A Marvel-ous second outing
FILM
THOR: THE DARK WORLD
Cert 12a | Four stars
ONCE every five thousand years the nine realms align, and the dark elves use the opportunity to plunge the universe into darkness. To do this, they need the Aether, an ancient force of evil which – for inexplicable plot reasons – has possessed the body of Thor’s human girlfriend.
Kenneth Branagh’s 2011 film Thor was the stagiest, least impressive installment of Marvel Studios’ “Phase One”. Thor: The Dark World, is more expansive, giving the world(s) greater depth, and presenting a spectacle worthy of the epic source material. It’s not important, or meaningful, and you’re not going to learn anything, but it looks fantastic and it’s barrels of laughs.

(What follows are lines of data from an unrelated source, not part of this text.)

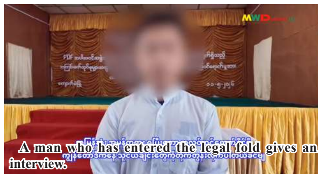
A man who has entered the legal fold gives an interview.
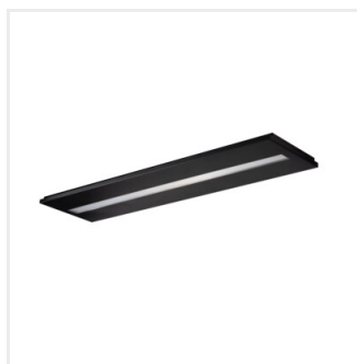
OS MPRM B P3
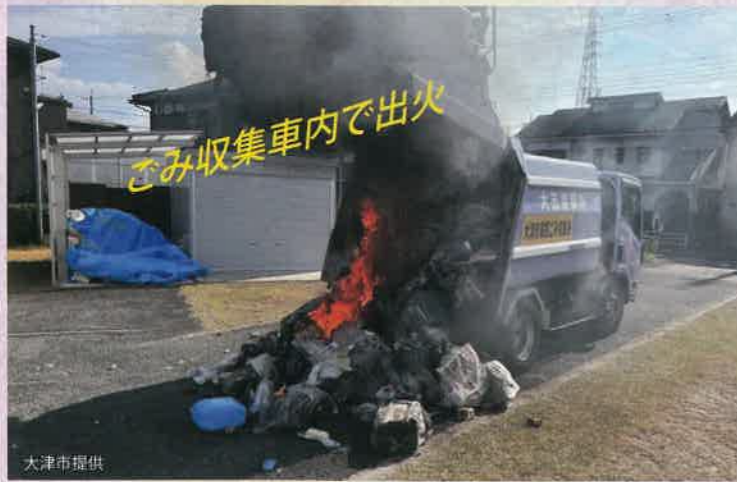
小型充電式電池(モバイルバッテリー等)が混入し、ごみ収集車の回転盤による巻き込み時の衝撃や、投入後の圧縮などがきっかけとなり発火
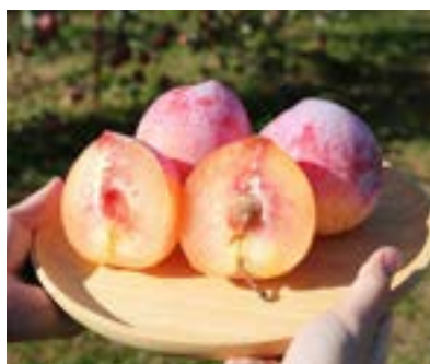
KP03-24A 発送時期 9月中旬頃～
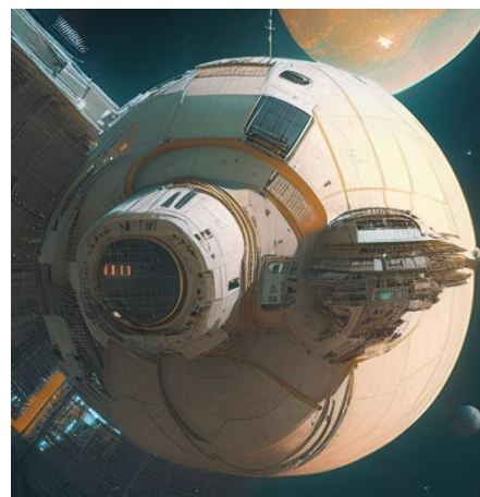
Ответ: Орбитальная станция
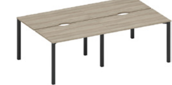
рабочая станция с вырезами на металлокаркасе

A1 ЧР 173.2-2 ВЛ 240x144x75 A1 ЧР 174.2-2 ВЛ 280x144x75 A1 ЧР 175.2-2 ВЛ 320x144x75
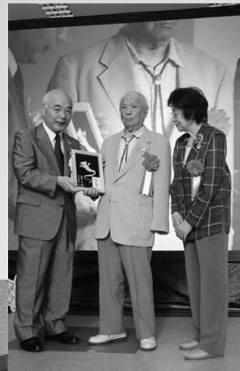
4月に米子空港の愛称が「米子鬼太郎空港」に決定し、7月24日には記念式典を開催。世界初の妖怪の名前がついた空港の誕生。
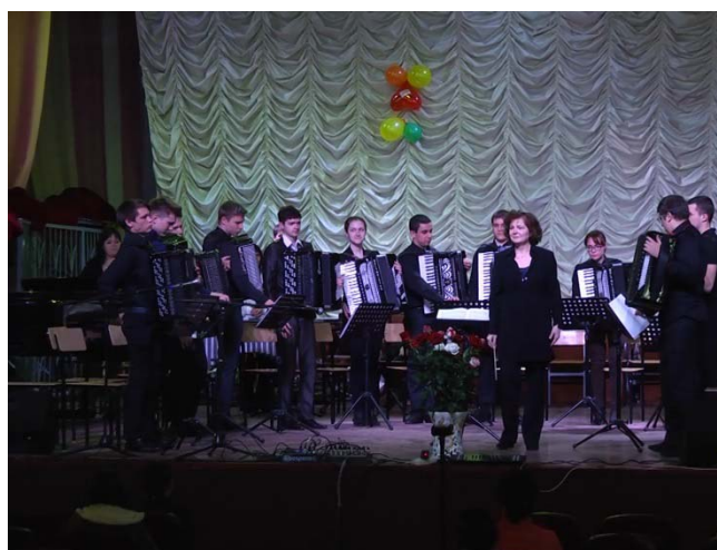
На фото: Машина О.А. и камерный оркестр баянистов

На протяжении 90 лет отделение подготавливает и выпускает талантливых исполнителей, преподавателей, мастеров своего дела, достойно продолжающих традиции исполнительства на русских народных инструментах. Хочется пожелать педагогам и студентам отделения «Инструменты народного оркестра» дальнейших успехов и побед.
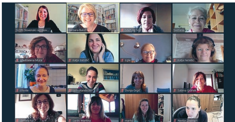
Na izobraževanju so učiteljice osnovnih šol s slovenskim učnim jezikom v Italiji skupaj načrtovale cilje, vsebine in dejavnosti pri pouku slovenščine.

Slovenski raziskovalni inštitut že načrtuje nov program na področju jezikovnega izobraževanja in didaktike slovenščine, tokrat za vzgojiteljice in vzgojitelje v vrtcih, saj se je ponovno izkazalo, da je pedagoški kader motiviran in si želi medsebojnega sodelovanja, izmenjave mnenj in primerov dobre prakse.
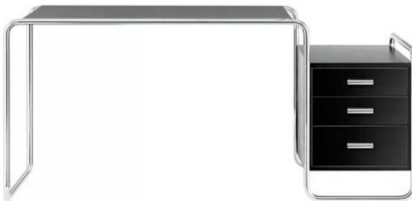
IMATGE G. B 65. Marcel Breuer, 1929

Les imatges G i H mostren dos exemples de mobiliari elaborat amb tub d'acer inoxidable corbat. Tant la taula de treball com la cadira estan fetes amb un sol tub que descriu les corbes necessàries per a aconseguir una estructura prou estable.
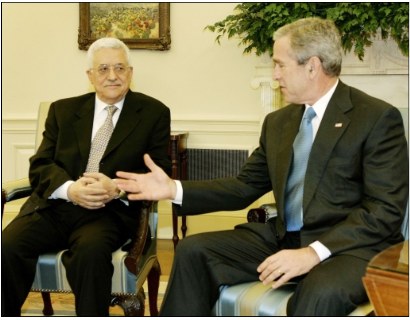
الرئيس الامريكى جورج بوش بعد يده لمصاحفة رئيس السلطة الفلسطينية في البيت الابيض امس

الخطر الحقيقي يكمن في مخطط الفصل بين الضفة الغربية وقطاع غزة، معتبرين ان خطوات إسرائيل المتشددة في الضفة الغربية اقليماً متحدا كونفدراليا مع الأردن.
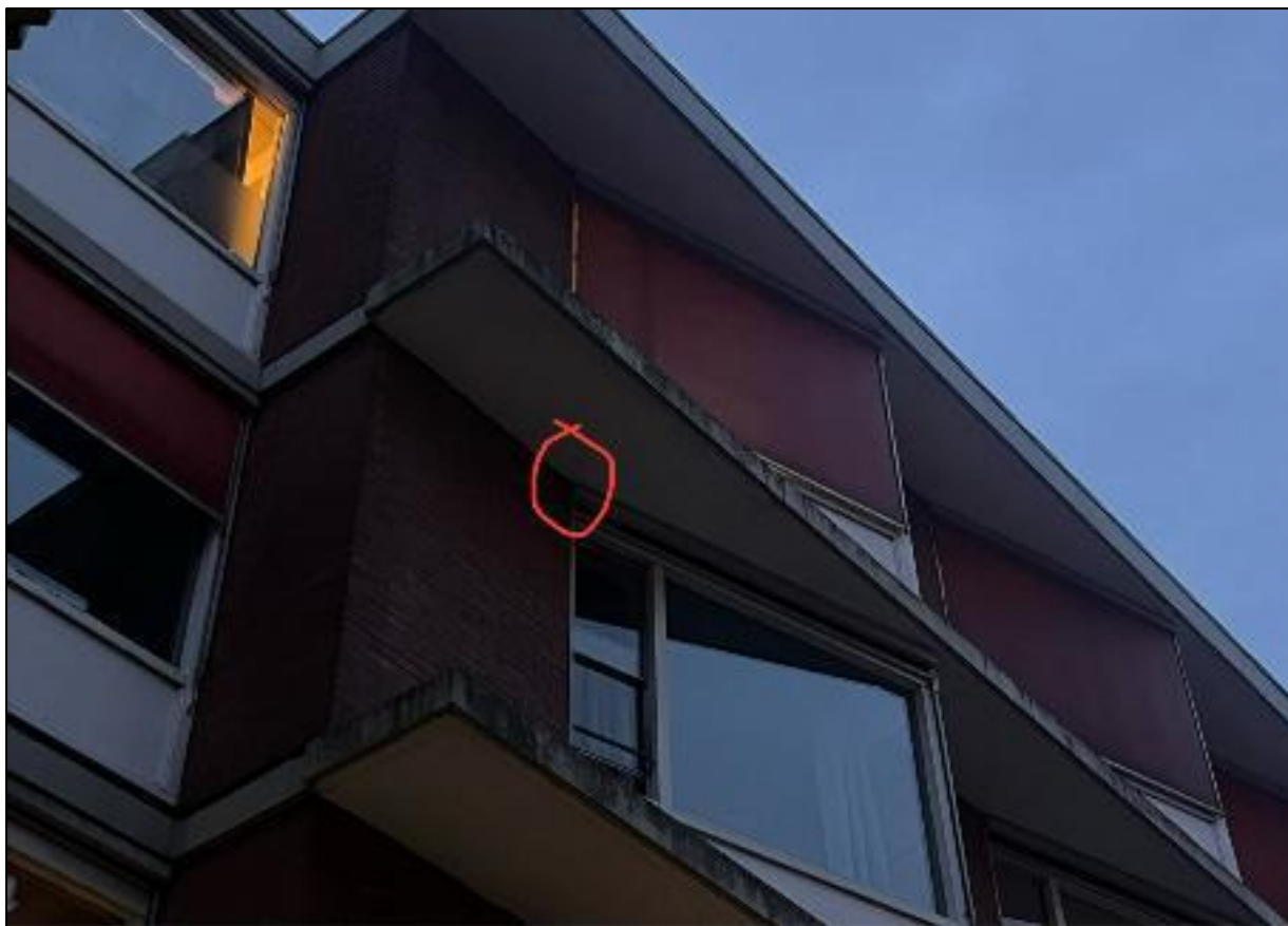
Een van de uitvlieglocaties KZ3.

Tijdens de tweede ronde van het onderzoek werd een invliegende Gewone dwergvleermuis waargenomen aan de westgevel van de bebouwing. Het dier vloog uit een kozijn van een raam. Er wordt uitgegaan van een zomerverblijf met één solitair mannetje.
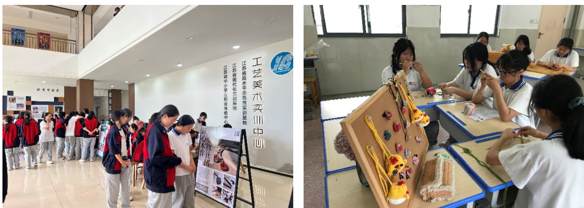
图 3-11 学校 2025 年学生社团招新及社团活动

竞技、实践创新、心理成长四大类别，包括“妙笔生花”书法社团、“翰墨飘香”书法社团、匠心木作小物社团、百巧灯彩社团、小草莓工作室、云顶篮球社、羽毛球社团、“舞动青春”舞蹈社团、红豆合唱社团、“馨悦”常熟花边 DIY 社团、青苹果心理剧社团、愈见心理社团、足球社、“鼎中和”烹饪社团等。各社团以“兴趣为引、能力为基、成长为核心”，常态化开展书法创作、传统手工艺传承、体育竞技、艺术展演、心理赋能等特色活动，既传承了中华优秀传统文化与地方特色技艺，又满足了学生多元发展需求，为学子搭建了展示自我、切磋技能、结交挚友的广阔舞台。其中，“舞动青春”舞蹈社团凭借扎实的训练成效、精彩的舞台表现和良好的校园影响力，荣获苏州市职业学校优秀社团称号，成为学校社团建设的标杆典范。
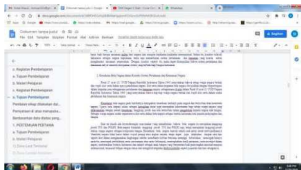
Gambar 6. Penggunaan Google Docs Oleh Peserta

Adapun pada pelatihan ini terdapat beberapa kendala yang dialami para peserta pelatihan, yang pertama yaitu masalah teknis berupa pemadaman listrik pada waktu pelatihan dilaksanakan di lokasi sekitar SMK Negeri 1 Temanggung sehingga harus dilakukan penjadwalan ulang. Dan juga terdapat beberapa kendala kecil dalam implementasi, terutama dalam membuat video bahan ajar. Kendala utama adalah masalah teknis pada perangkat komputer yang tidak sesuai dengan kebutuhan sistem untuk dapat di-install OBS Studio, dengan terpaksa beberapa peserta tidak dapat mempraktikkan pembuatan video bahan ajar.

Anthony Hopkins has a larger role as an increasingly cranky Odin, king of the gods, and there are good comic turns from Stellan Skarsgård, Kat Dennings, and The IT Crowd’s Chris O’Dowd. But as was the case in Thor and The Avengers, it is Tom Hiddleston’s Loki who has the best of it. Capricious Loki, by turns witty and vicious was always going to be the most interesting person in the room. By comparison Malekith, leader of the dark elves, played by former Doctor Who star Christopher Eccleston, is rather one dimensional as a more conventionally evil villain. Still, Chris Hemsworth is doing a good job developing Thor into more than an archetypal hero, typically playing the straight-man to the rest of the ensemble, but with charm, humility, and a few jokes of his own. Natalie Portman has been a little short-changed by a script that initially requires her to do little more than swoon, but she finds agency later in the piece. The film generally improves as things progress. It takes a while to get all the plates spinning, but once they are it’s tremendous fun. The new director, Alan Taylor, previously worked on the gritty fantasy Game of Thrones, and the skills he developed there are on display as he convincingly weaves together disparate technologies – swords and lasers – with disparate genres – romantic comedy and scifi adventure.
The film’s climax will be a special treat for Londoners, as the capital is laid to waste. The Old Royal Naval College bears the brunt, but in an era when all London-based films must include an appearance from the Gherkin, Thor: The Dark World does it best.
Marvel has made a habit of including bonus scenes after the credits, but this time there are two, so completists should sit it out to the very end.